CAPTER 17

207 27 57
                                    

Setelah hampir satu jam di rumah sakit, pria itu lantas menggerakkan tungkai kakinya keluar dari tempat pelayanan kesehatan, bergegas kembali ke kantor untuk menemui putri kecil sekaligus sekretarisnya itu, saat ini kecepatan mobil yang dikendarai Hendra mencapai maksimal.

Kini, Hendra tiba di perusahaan miliknya, memarkirkan mobil di tempat yang sudah tersedia, langkah kakinya bergegas memasuki kantor untuk bertemu dengan sekretaris itu, saat baru berjalan dua langkah, ternyata orang yang ingin ditemui sudah berada di hadapannya, gadis itu sedang memainkan ponsel.

"Vinella," sapa sang manager

Mendengar suara itu, sang empu yang  sedang memainkan benda pipih, lantas menoleh.

"Pak Hendra?"

"Sedang apa, kamu? Kenapa belum pulang?"

"A-anu, saya tadi cari bapak ke ruangan, ternyata bapak nggak ada,"tutur Vinella gugup.

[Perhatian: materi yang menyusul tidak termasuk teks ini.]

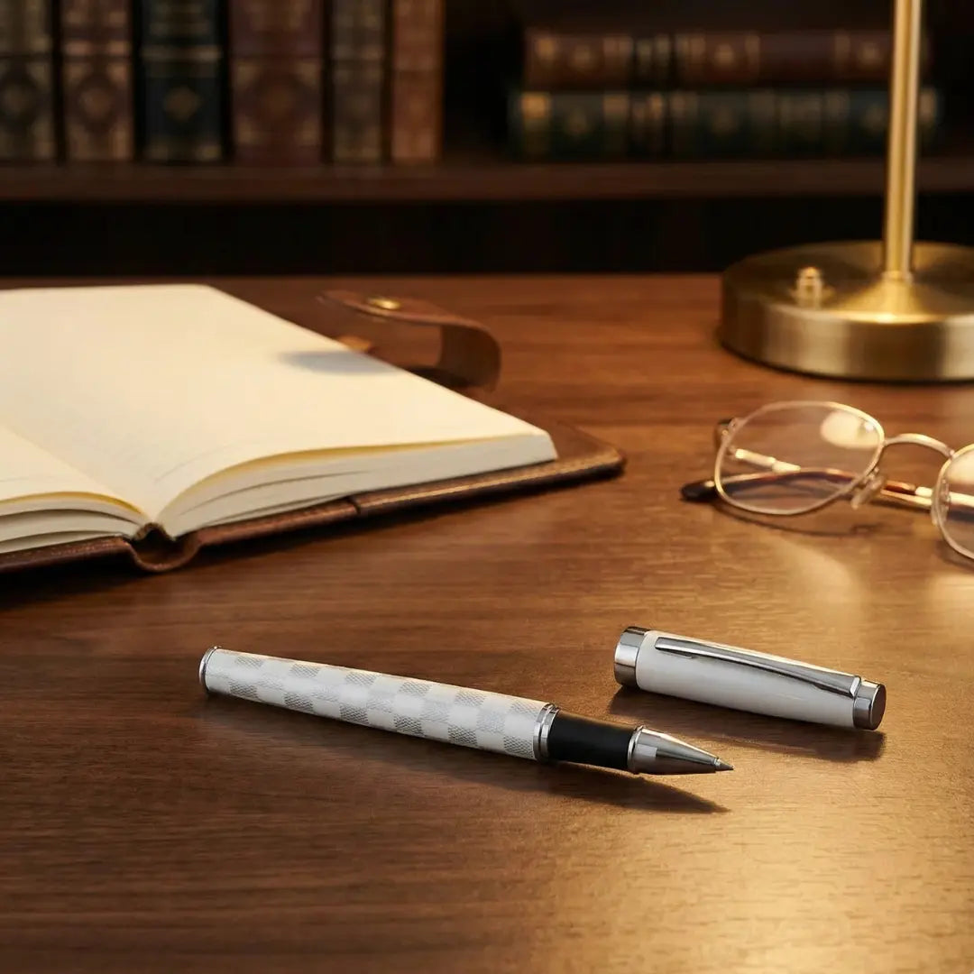Picasso Parri Checkers White Roller Pen | Premium Customised Refillable Roller Ball Pen

"Kenapa, kamu mencari saya?,"imbuh Hendra

"Ada yang mau saya tanyakan, soal rapat tadi, pak"

"Bisa kita bicara sebentar?"

Vinella mengangguk. "Boleh, pak," ujarnya kemudian.

Hendra memegang tangan Vinella bergegas memasuki lobi, Vinella merasa aneh dengan perilaku bos nya itu "kenapa, pak bos pegang tangan gue, ya? Mau dilepasin tapi nggak enak, gimana ini?"tutur Vinella bermonolog dalam hati

Hendra menghentikan langkahnya, saat ia saat ia menemukan sebuah kursi di dekat ruang administrasi, tampak semua karyawan kantor memperhatikan gerak gerik Hendra dan putrinya itu mereka tampak menatap heran keduanya.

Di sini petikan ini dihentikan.